Weighing less than 50 kg: 300 mg loading dose and 150 mg/week subcutaneously.
•Adolescents
Weighing 50 kg or more: 300 mg/week subcutaneously.
Weighing less than 50 kg: 300 mg loading dose and 150 mg/week subcutaneously.
•Children
12 years weighing 50 kg or more: 300 mg/week subcutaneously.
12 years weighing less than 50 kg: 300 mg loading dose and 150 mg/week subcutaneously.
1 to 11 years: Safety and efficacy have not been established.
•Infants
Safety and efficacy have not been established.
•Neonates
Safety and efficacy have not been established.
Patients with Hepatic Impairment Dosing
Specific guidelines for dosage adjustments in hepatic impairment are not available; it appears that no dosage adjustments are needed.

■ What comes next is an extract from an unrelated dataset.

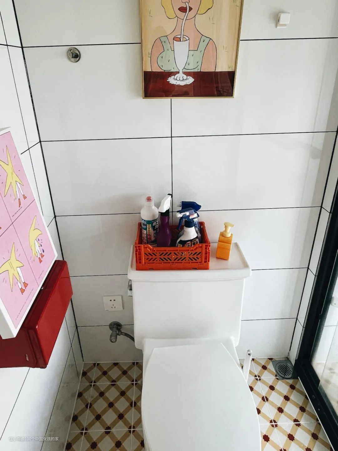 “爸妈都喜欢用大理石、在天花板装饰石膏线那种他们认为的、贵气的设计,觉得我的房子太素、像出租屋,还铺了他们觉得不太正经的花砖。但我自己很喜欢细节上色彩缤纷的碰撞,所以厨房和卫生间都用了花砖。”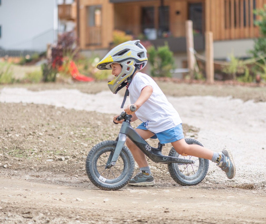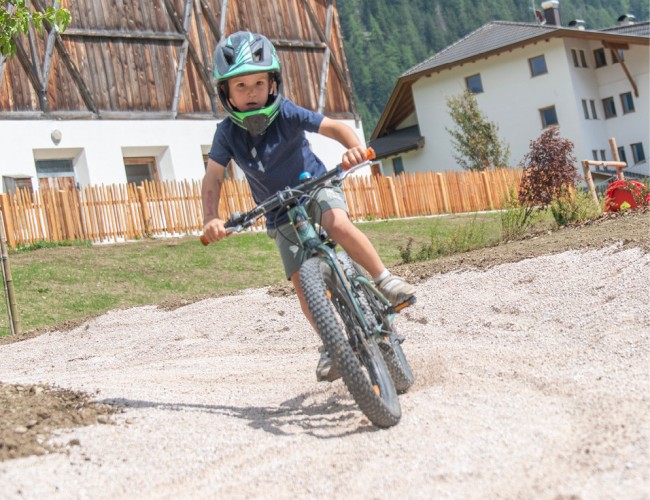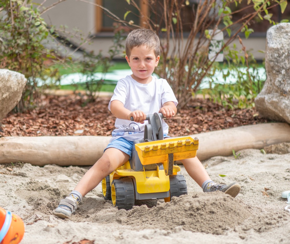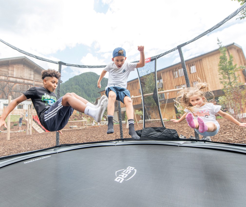 Natura e avventura attendono i bambini nel nostro parco giochi all’aperto, proprio alle spalle della struttura, lontano dal traffico e in mezzo al verde: qui, oltre a un’altalena nido, a uno scivolo, a un piccolo percorso di abilità e a una sabbiera, ci sono anche un trampolino e un pump track, ma anche tronchi d’albero e pietre per allenare equilibrio e arrampicarsi. Per i futuri piloti che vogliono fare pratica, il nostro parco di mini veicoli comprende un trattore a pedali, go-karts o una bicicletta senza pedali a noleggio. In inverno, i mezzi vengono rimpiazzati da bob e slitte, perfetti per scivolare a tutta velocità sul manto nevoso del prato accanto all’hotel. Genitori e nonni possono accomodarsi sulle comode panchine e portare con sé le bevande ordinate al bar.

Patients with Renal Impairment Dosing
Specific guidelines for dosage adjustments in renal impairment are not available; it appears that no dosage adjustments are needed.
Precautions
- breast-feeding
- people who may become pregnant
- planned procedure
- pregnancy
- reproductive risk
- sepsis
- trauma
Pregnancy
Based on its mechanism of action, marstacimab may cause fetal harm when administered during pregnancy. There are no available data on marstacimab use during pregnancy to evaluate for a drug-associated risk of major birth defects, miscarriage, or other adverse maternal or fetal outcomes. Female animal reproduction studies have not been conducted with marstacimab. Although there are no data on marstacimab, monoclonal antibodies can be actively transported across the placenta and marstacimab may cause fetal harm.71406
Lactation
Use marstacimab with caution during breast-feeding. There are no data on the presence of marstacimab in human milk, its effects on the breast-fed child, or its effects on milk production. Consider the benefits of breast-feeding, the patient’s clinical need for treatment, and any potential adverse effects on the breast-fed child from the medication or from the underlying maternal medical condition. Endogenous maternal immunoglobulin G (IgG) and monoclonal antibodies are known to be present in human milk. The effects of local gastrointestinal exposure and limited systemic exposure in the breast-fed child to marstacimab are unknown.71406
Interactions
There are no drug interactions associated with Marstacimab products.
Adverse Reactions
- antibody formation
- headache
- injection site reaction
- pruritus
- thromboembolism
- urticaria
Monitoring Parameters
- clotting inhibitor titers
Classifications
- Blood and Blood Forming Organs
- Antihemorrhagics
- Hemostatics
- Monoclonal Antibodies for Bleeding Disorders
- Monoclonal Antibodies Targeting Tissue Factor Pathway Inhibitor (TFPI)
- Monoclonal Antibodies for Bleeding Disorders
- Hemostatics
- Antihemorrhagics
References
71406.Hympavzi (marstacimab-hncq) injection package insert. New York, NY: Pfizer Inc.; 2024 Oct.